The index must be updated on every insert/update/delete and kept consistent across nodes; that often implies a distributed index (e.g. stored in the same consensus-backed metadata store or a dedicated index layer). For high-cardinality or frequently changing metadata, GSIs can add write amplification and storage overhead.

Pipeline: each write updates the GSI; at query time the coordinator consults the GSI to target only relevant shards. Practical tip: add GSIs only for hot filter attributes to limit write cost; see metadata cardinality and performance for how cardinality affects index size and update cost.

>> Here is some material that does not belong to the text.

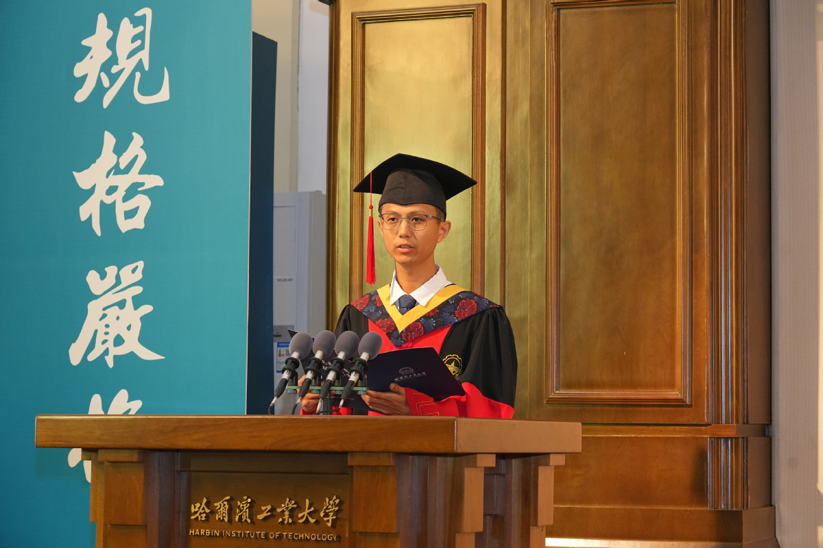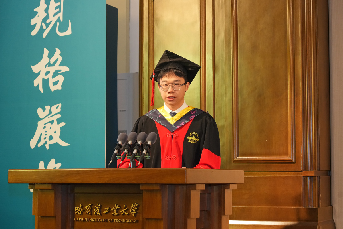 材料科学与工程学院2022级博士研究生姜博涛、土木工程学院2021级博士研究生董宪章分别作为毕业生代表对学校、师长、亲友表示感谢,并表示将继续传承哈工大“八百壮士”精神,瞄准国家重大需求,勇担“尖兵”重任,为实现高水平科技自立自强作出新的更大贡献。

Frequently Asked Questions

What is a global secondary index (GSI) for metadata?

An index structure that allows efficient lookup or filtering by non-primary attributes (e.g. user_id, category) across the entire dataset, even when vectors are sharded. The coordinator can target only relevant shards instead of scanning all. See metadata filtering.

When do I need a GSI?

When you frequently filter by an attribute (e.g. tenant_id, category) and want to avoid scanning every shard. Without a GSI, “all vectors where tenant_id = X” requires scatter-gather with local metadata filter on each shard. A GSI maps key to matching IDs so only relevant shards are queried.

What are the trade-offs?

The index must be updated on every insert/update/delete and kept consistent across nodes; high-cardinality or frequently changing metadata adds write amplification and storage overhead. Build GSIs only for attributes commonly used in pre-filters or routing. See metadata cardinality and performance.

How is a GSI implemented in a distributed VDB?

Often stored in the same consensus-backed metadata store or a dedicated index layer. Must be consistent across nodes. See coordinator role for how queries use the GSI to route to shards.